- Problem statement -
Reproduce the lines below exactly, from the one containing "and matching earrings." through the one containing "Christian, Luke and", both included. Leave out any pictures.

Records excerpted from a collection:
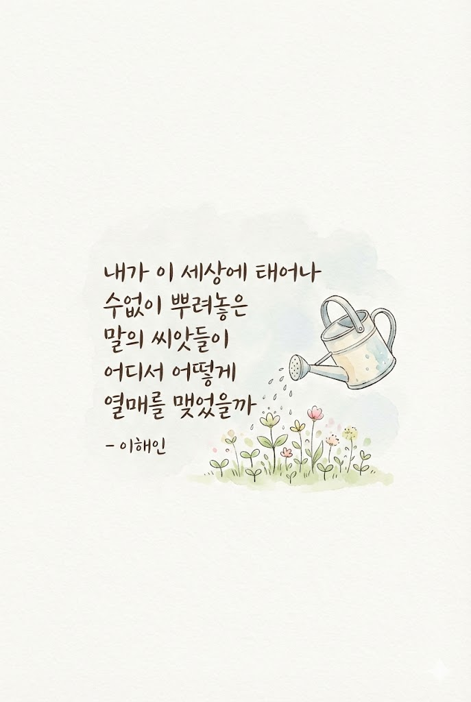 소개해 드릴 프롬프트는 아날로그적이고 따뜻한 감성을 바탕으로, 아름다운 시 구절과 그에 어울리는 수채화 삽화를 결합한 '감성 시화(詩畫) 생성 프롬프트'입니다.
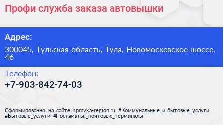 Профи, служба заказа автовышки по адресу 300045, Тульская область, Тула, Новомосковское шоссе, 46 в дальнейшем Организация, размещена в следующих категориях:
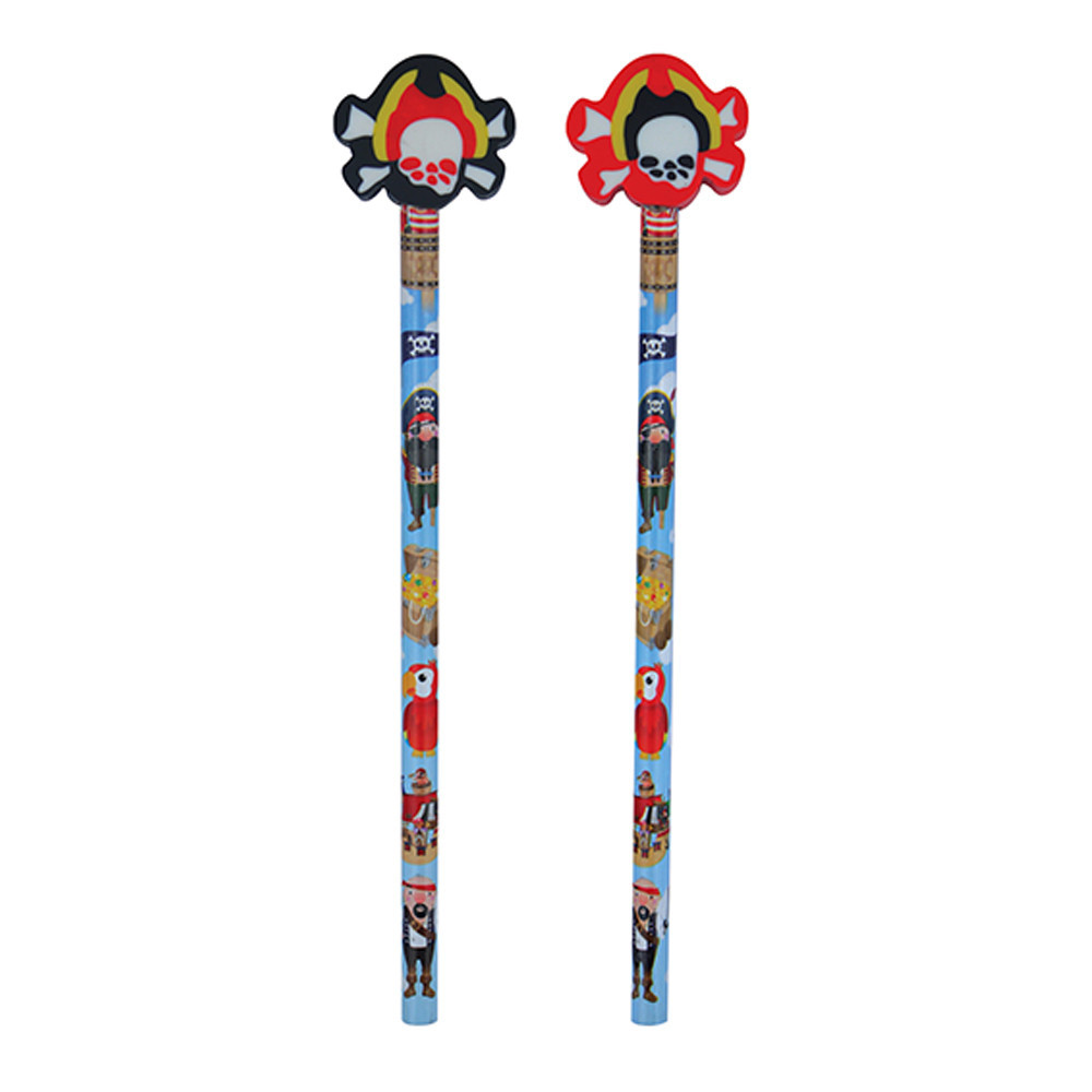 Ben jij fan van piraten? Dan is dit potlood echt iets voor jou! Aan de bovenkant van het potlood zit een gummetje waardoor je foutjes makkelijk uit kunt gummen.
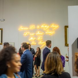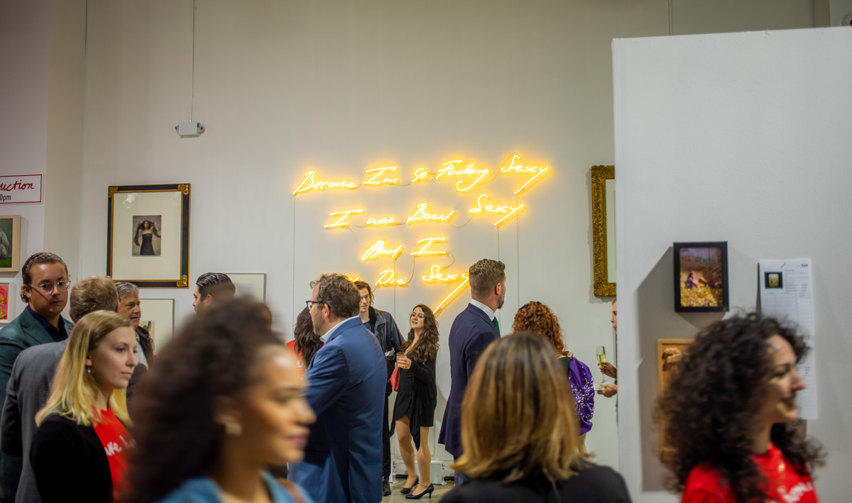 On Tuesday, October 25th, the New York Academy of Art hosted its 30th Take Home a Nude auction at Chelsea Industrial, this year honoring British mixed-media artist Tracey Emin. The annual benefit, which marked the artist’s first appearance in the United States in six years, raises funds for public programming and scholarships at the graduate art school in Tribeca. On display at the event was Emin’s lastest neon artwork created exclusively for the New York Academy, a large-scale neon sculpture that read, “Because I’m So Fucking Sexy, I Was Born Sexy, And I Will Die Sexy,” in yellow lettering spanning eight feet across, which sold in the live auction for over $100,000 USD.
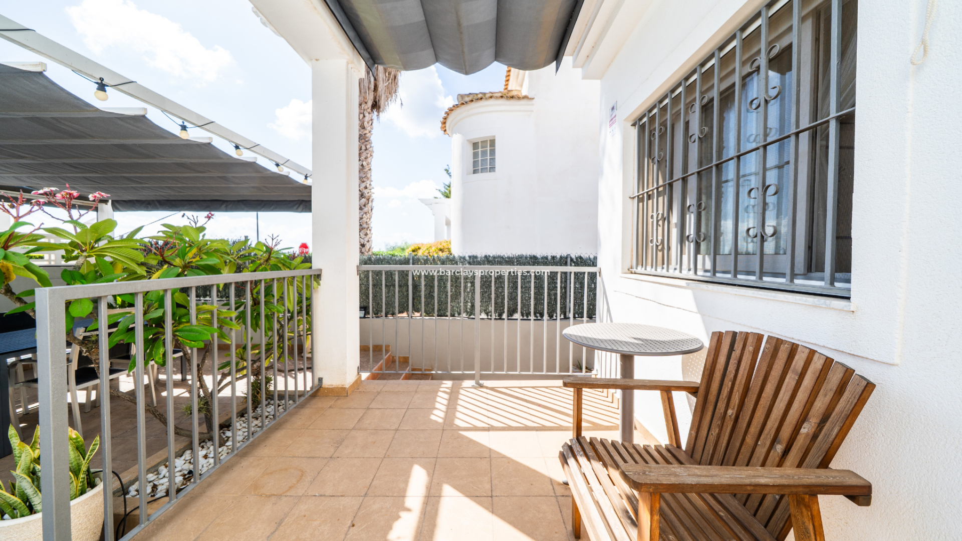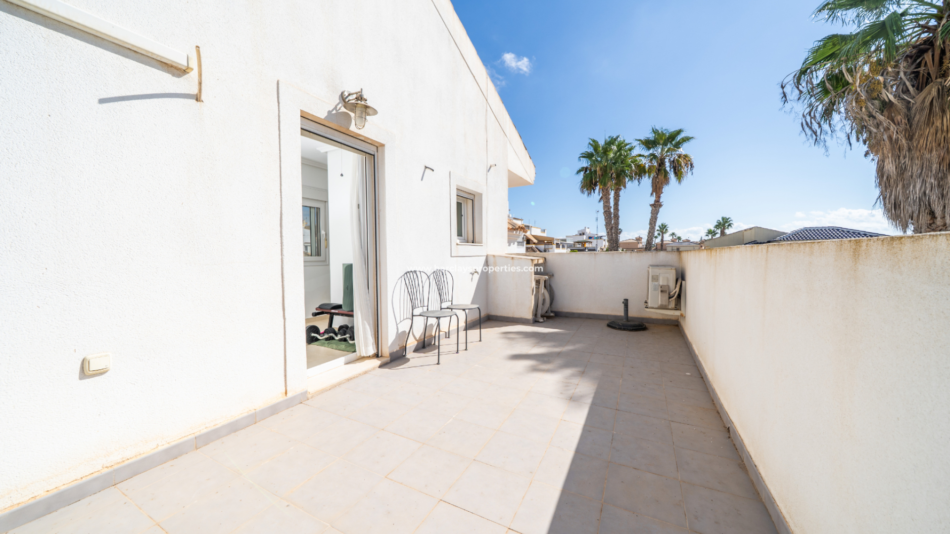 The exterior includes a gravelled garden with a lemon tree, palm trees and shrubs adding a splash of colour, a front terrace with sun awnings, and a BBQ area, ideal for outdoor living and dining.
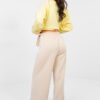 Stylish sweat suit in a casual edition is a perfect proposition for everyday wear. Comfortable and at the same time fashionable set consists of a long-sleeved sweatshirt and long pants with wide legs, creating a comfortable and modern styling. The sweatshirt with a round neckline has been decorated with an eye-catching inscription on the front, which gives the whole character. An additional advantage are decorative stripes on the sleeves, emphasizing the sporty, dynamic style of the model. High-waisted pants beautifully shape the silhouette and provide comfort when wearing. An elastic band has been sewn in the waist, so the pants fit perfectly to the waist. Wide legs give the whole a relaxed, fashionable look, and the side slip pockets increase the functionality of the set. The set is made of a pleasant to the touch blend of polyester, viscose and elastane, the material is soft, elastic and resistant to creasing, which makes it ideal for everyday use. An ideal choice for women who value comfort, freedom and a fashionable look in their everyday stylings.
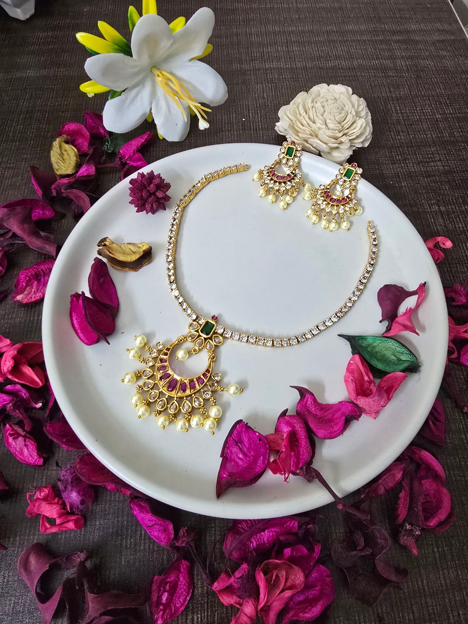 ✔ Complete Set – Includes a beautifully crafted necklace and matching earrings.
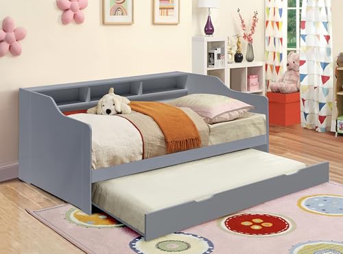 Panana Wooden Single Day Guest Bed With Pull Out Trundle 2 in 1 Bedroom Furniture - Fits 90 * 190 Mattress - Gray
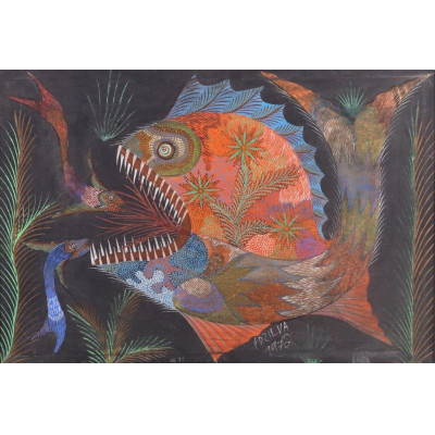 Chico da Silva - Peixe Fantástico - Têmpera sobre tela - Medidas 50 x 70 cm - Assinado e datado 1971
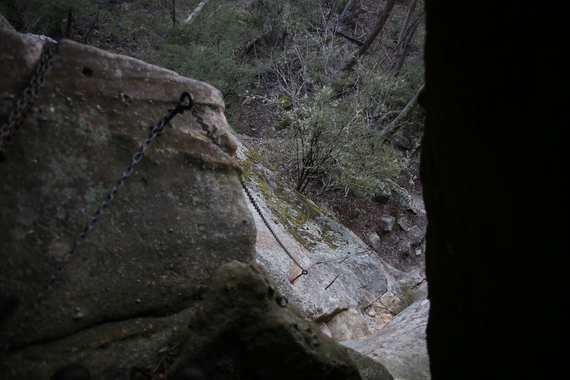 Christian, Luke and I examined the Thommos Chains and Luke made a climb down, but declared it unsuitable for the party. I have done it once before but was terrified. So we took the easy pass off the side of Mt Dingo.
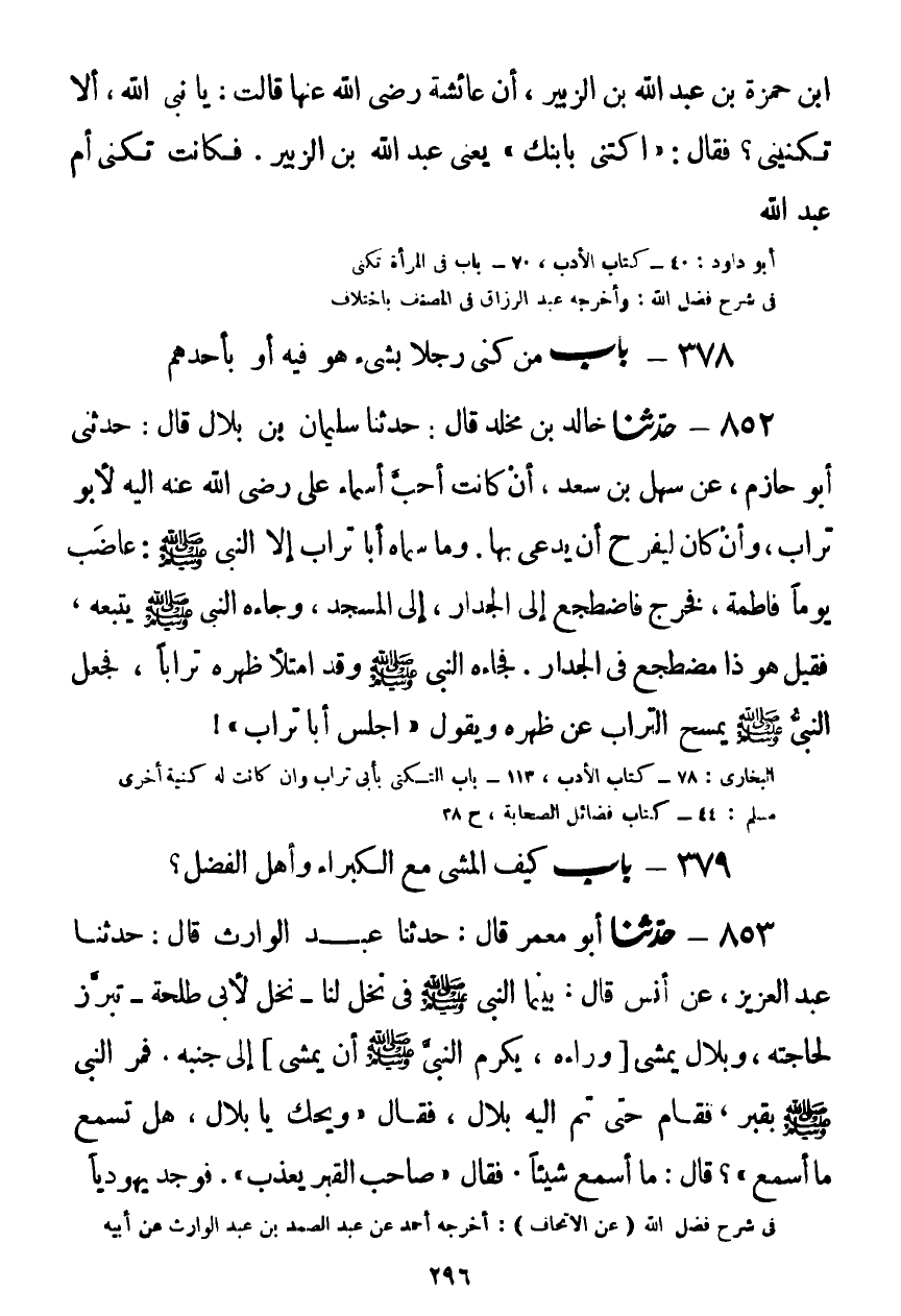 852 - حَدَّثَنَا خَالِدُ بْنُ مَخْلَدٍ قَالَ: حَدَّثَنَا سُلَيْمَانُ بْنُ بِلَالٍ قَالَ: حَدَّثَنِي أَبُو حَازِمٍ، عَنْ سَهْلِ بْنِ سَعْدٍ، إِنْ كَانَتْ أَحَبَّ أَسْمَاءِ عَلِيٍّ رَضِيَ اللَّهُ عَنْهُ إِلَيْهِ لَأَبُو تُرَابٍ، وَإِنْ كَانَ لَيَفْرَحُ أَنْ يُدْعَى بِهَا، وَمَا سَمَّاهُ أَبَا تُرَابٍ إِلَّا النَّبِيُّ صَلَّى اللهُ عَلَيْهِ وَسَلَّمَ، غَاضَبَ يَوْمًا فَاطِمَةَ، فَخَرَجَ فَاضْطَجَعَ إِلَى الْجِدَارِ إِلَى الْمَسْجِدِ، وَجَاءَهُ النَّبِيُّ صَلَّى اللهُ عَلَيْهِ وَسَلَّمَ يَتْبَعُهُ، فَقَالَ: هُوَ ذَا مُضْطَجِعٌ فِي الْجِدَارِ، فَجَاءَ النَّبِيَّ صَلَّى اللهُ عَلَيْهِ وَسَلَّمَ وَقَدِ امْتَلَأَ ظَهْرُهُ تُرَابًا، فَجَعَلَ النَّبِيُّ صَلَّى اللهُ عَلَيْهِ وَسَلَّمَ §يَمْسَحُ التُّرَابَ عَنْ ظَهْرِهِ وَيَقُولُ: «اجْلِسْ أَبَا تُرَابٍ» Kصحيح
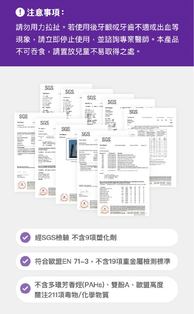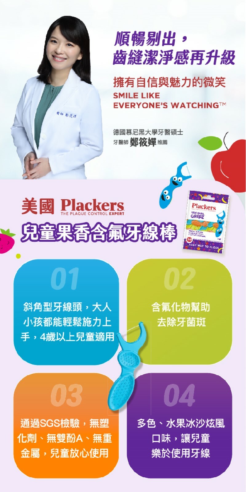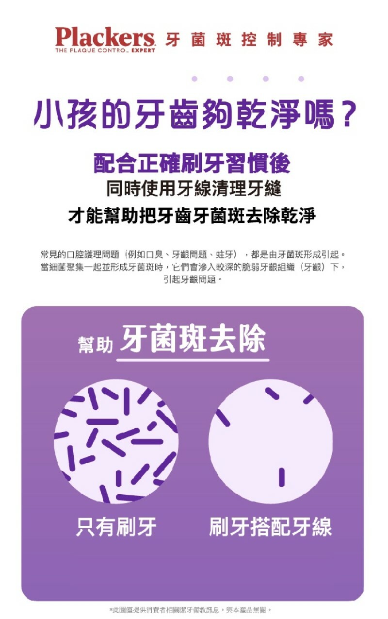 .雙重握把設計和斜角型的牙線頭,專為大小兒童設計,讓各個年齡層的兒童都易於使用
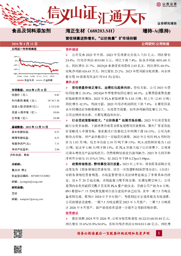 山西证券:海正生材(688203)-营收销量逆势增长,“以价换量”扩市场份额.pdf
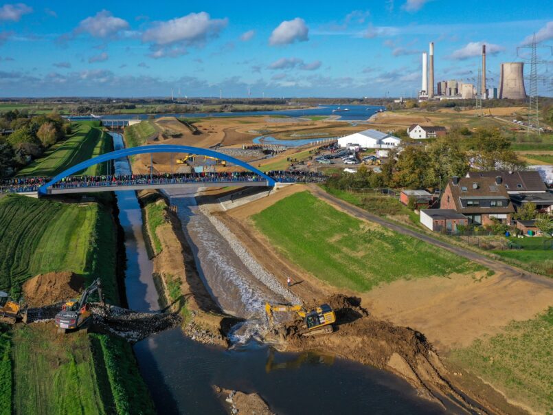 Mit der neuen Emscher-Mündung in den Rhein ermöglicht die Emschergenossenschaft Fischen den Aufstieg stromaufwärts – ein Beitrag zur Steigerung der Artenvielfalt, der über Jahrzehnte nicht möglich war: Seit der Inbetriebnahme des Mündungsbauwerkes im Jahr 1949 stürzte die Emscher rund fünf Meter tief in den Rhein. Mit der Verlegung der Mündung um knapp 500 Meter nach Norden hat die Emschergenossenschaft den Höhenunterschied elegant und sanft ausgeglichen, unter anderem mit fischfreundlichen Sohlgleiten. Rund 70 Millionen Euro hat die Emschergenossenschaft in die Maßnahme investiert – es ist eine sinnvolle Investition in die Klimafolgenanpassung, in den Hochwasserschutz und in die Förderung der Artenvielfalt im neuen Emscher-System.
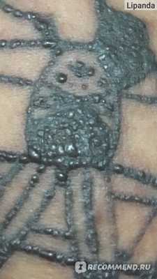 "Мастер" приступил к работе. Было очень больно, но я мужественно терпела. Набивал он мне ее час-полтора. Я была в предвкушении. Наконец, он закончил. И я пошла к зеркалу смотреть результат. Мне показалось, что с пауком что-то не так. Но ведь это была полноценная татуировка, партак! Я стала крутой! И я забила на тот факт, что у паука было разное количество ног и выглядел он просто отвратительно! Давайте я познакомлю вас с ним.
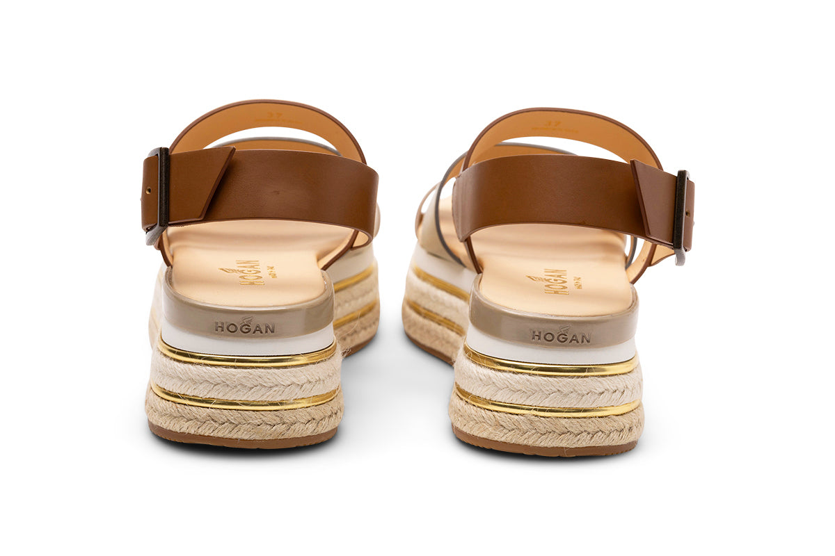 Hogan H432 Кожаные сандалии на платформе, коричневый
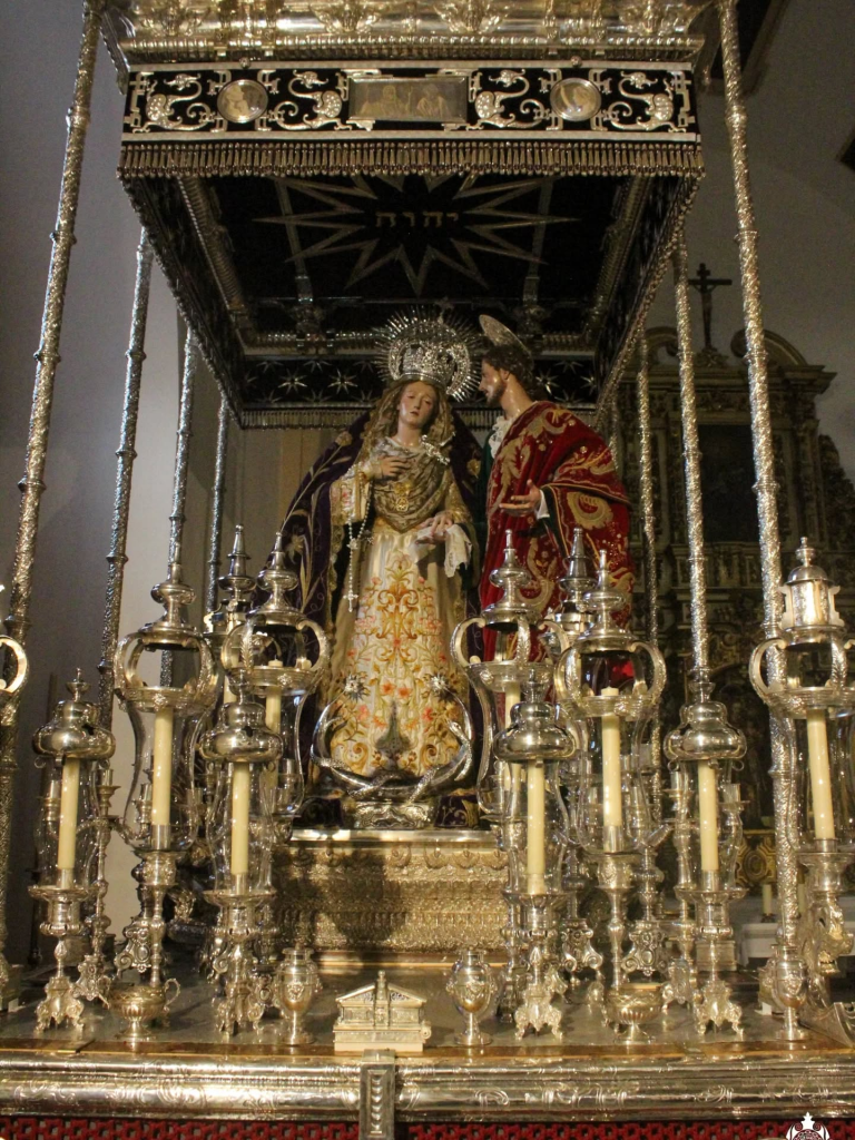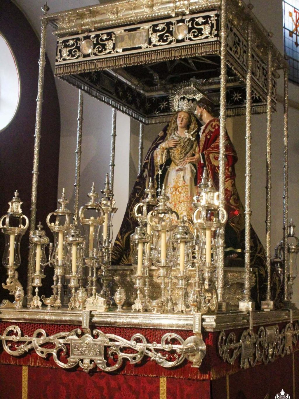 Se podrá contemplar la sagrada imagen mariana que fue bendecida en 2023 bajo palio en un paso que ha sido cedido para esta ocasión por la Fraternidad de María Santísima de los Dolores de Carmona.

- Solution for this exercise -
 ✔ Complete Set – Includes a beautifully crafted necklace and matching earrings.
 Panana Wooden Single Day Guest Bed With Pull Out Trundle 2 in 1 Bedroom Furniture - Fits 90 * 190 Mattress - Gray
 Chico da Silva - Peixe Fantástico - Têmpera sobre tela - Medidas 50 x 70 cm - Assinado e datado 1971
 Christian, Luke and I examined the Thommos Chains and Luke made a climb down, but declared it unsuitable for the party. I have done it once before but was terrified. So we took the easy pass off the side of Mt Dingo.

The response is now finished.